La France pourrait être le prochain test des fondations de l'euro

Leigh Thomas - Reuters - 26/06
"Parce que c'est la France", c'est ainsi que Jean-Claude Juncker, alors président de la Commission européenne, expliquait la décision de Bruxelles en 2016 de donner une marge de manœuvre au grand membre fondateur de l'Union européenne sur les règles budgétaires du bloc.
  • La France connaît des déficits élevés depuis 25 ans
  • L’UE semble adopter une position plus dure envers le gouvernement d’extrême droite
  • La France voit ses projets de dépenses modérer lors des négociations avec l'UE
FRANCFORT/PARIS, 26 juin (Reuters) - "Parce que c'est la France", c'est ainsi que Jean-Claude Juncker, alors président de la Commission européenne, expliquait la décision de Bruxelles en 2016 de donner une marge de manœuvre au grand membre fondateur de l'Union européenne sur le terrain. règles budgétaires du bloc.
Cette patience a persisté alors même que l’UE subissait une crise de la dette souveraine qui a failli faire sombrer l’euro et contraint des pays plus petits et plus endettés comme la Grèce et le Portugal à adopter des mesures d’austérité drastiques.
Mais toute indulgence envers l'exception française pourrait prendre fin si les élections anticipées en France produisent à Paris un gouvernement eurosceptique d'extrême droite qui pourrait tendre les liens avec les autres capitales européennes et mettre à l'épreuve les fondements mêmes du projet de l'euro.
Le Rassemblement national (RN) de Marine Le Pen insiste sur le fait qu'il ne ferait pas exploser le budget français. Mais des questions persistent quant à la manière dont elle financerait des plans de dépenses coûteux dans le cadre des nouvelles règles budgétaires de la zone euro et si la Banque centrale européenne pourrait intervenir pour aider si les marchés financiers se retournaient contre la France.
"Si un pays peut simplement ignorer les règles et être aidé par la banque centrale, il y aura beaucoup de doutes sur la valeur future de l'euro et sur la cohésion future de l'euro", a déclaré Holger Schmieding, économiste à Berenberg.

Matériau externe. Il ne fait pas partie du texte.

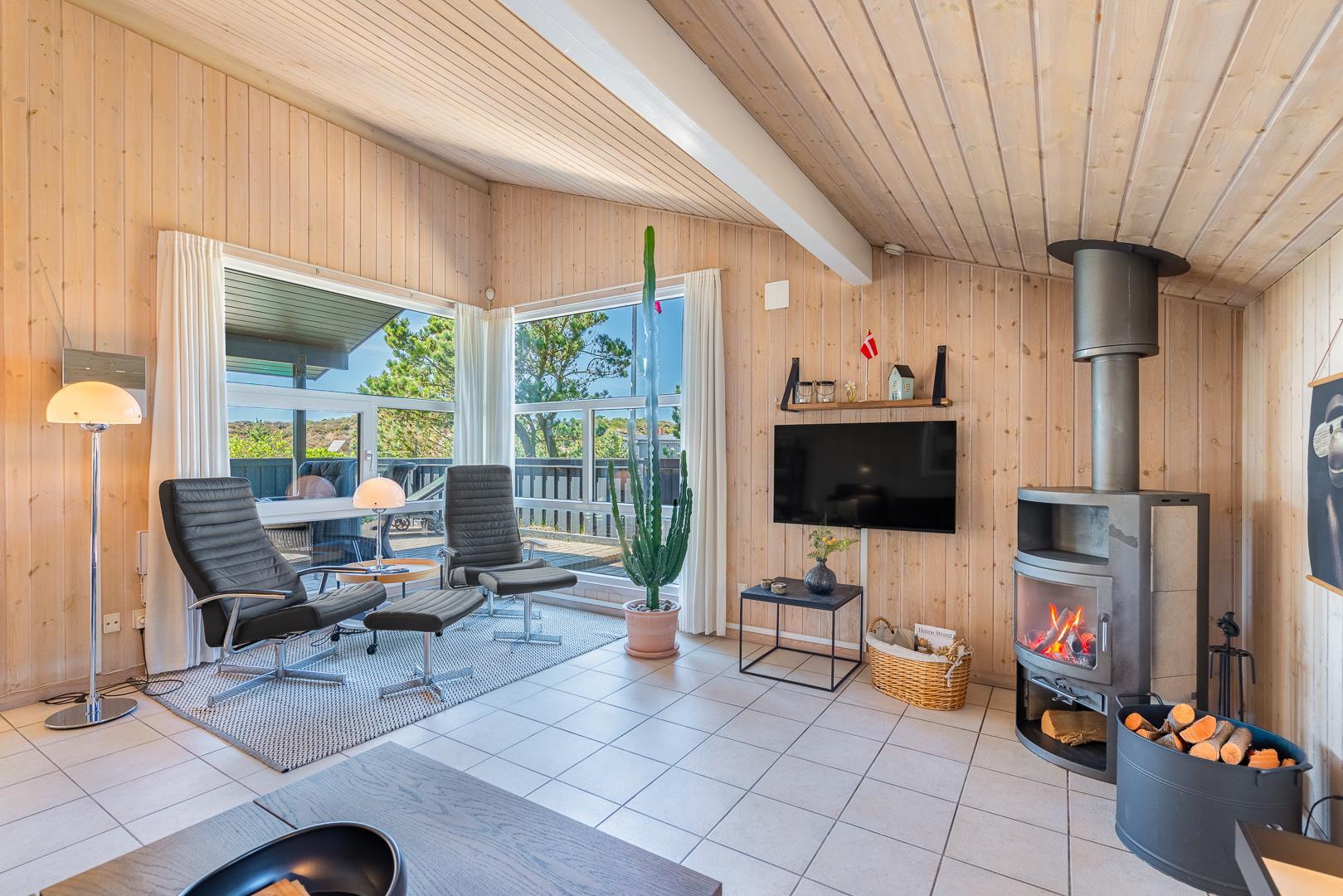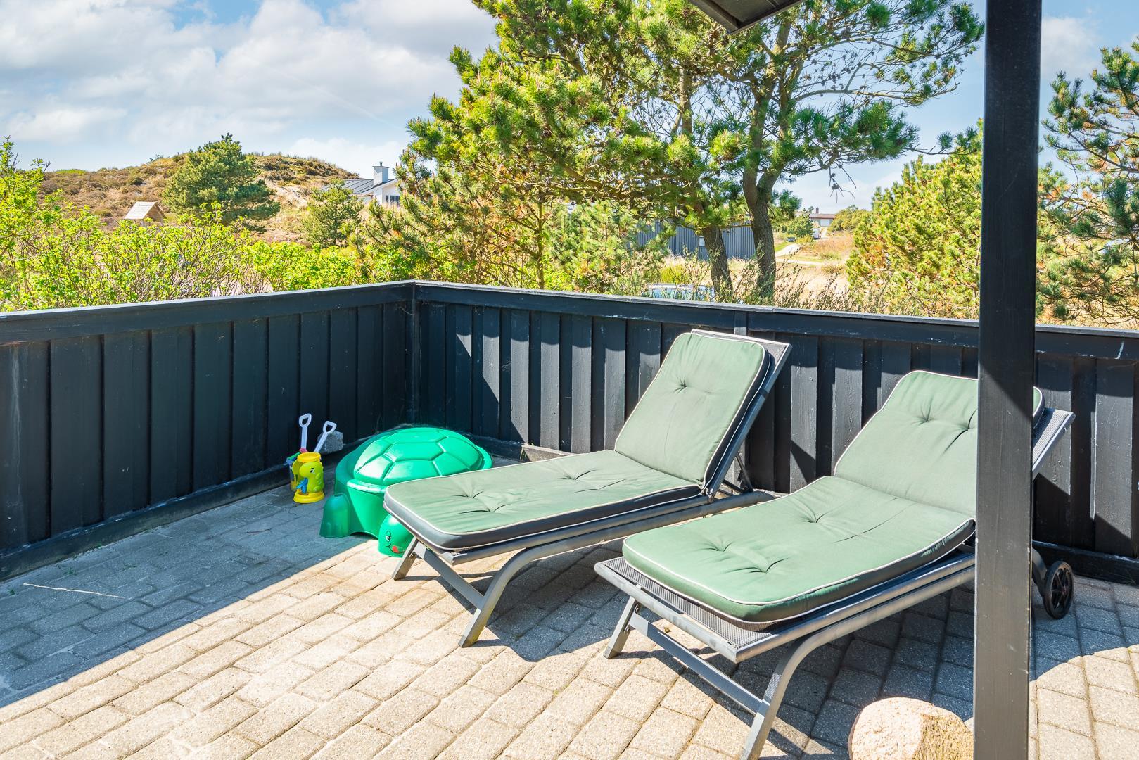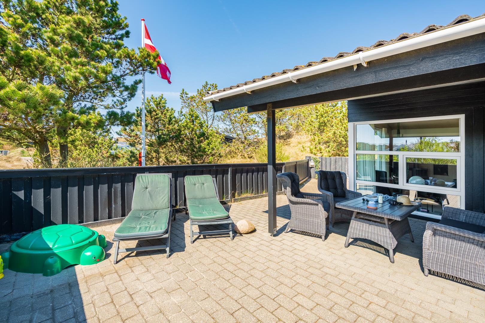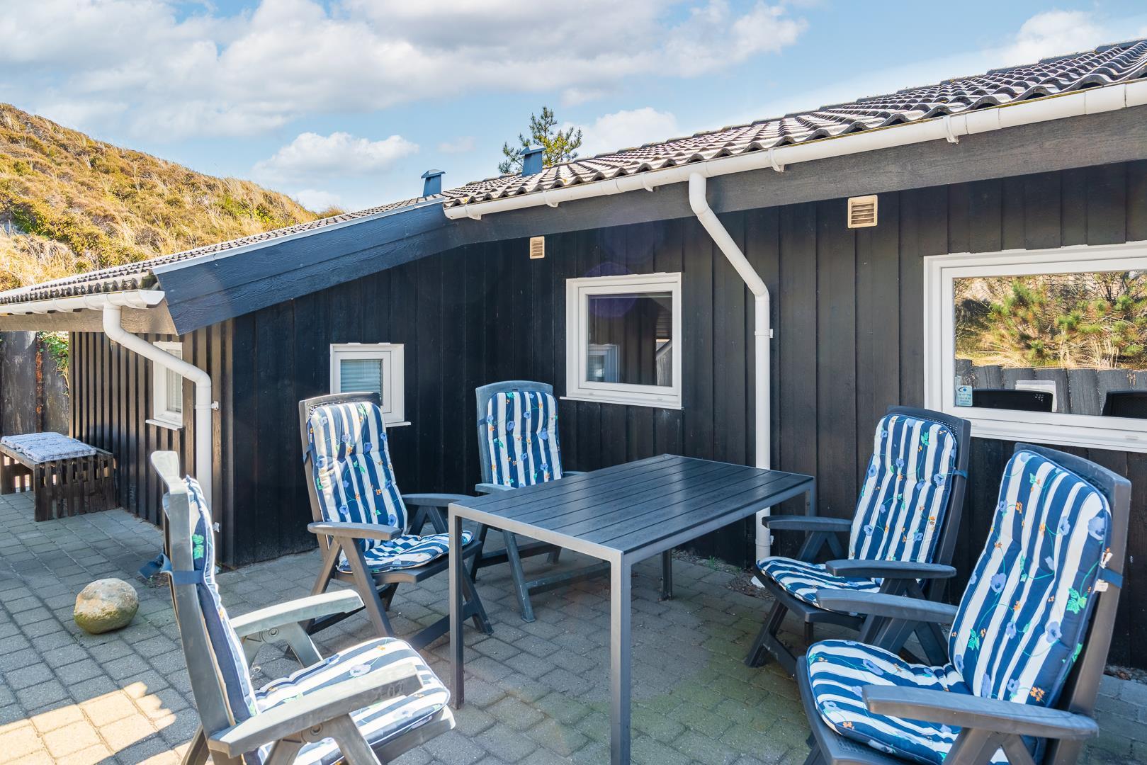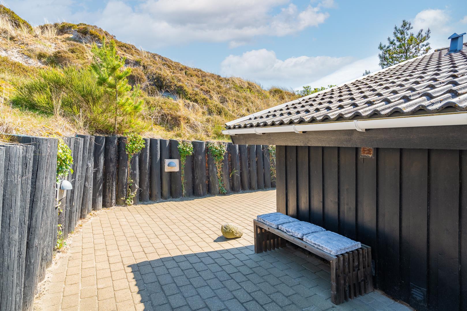 Lækkert feriehus i roligt klitområde med stor terrasse og sauna, perfekt til afslapning nær Henne Strand.

De telles préoccupations ne figurent pas à l'ordre du jour officiel du sommet européen de jeudi. Mais avec le RN en tête des sondages lors des deux tours qui débuteront le 30 juin, ils ne manqueront pas d'occuper l'esprit des collègues dirigeants du président Emmanuel Macron.
De hauts responsables du gouvernement allemand se sont déclarés consternés par la décision surprise de Macron de convoquer des élections qui pourraient ouvrir la voie à un gouvernement dirigé par le RN. Certains l'ont comparé au pari malheureux de l'ancien Premier ministre britannique David Cameron sur un référendum sur le Brexit.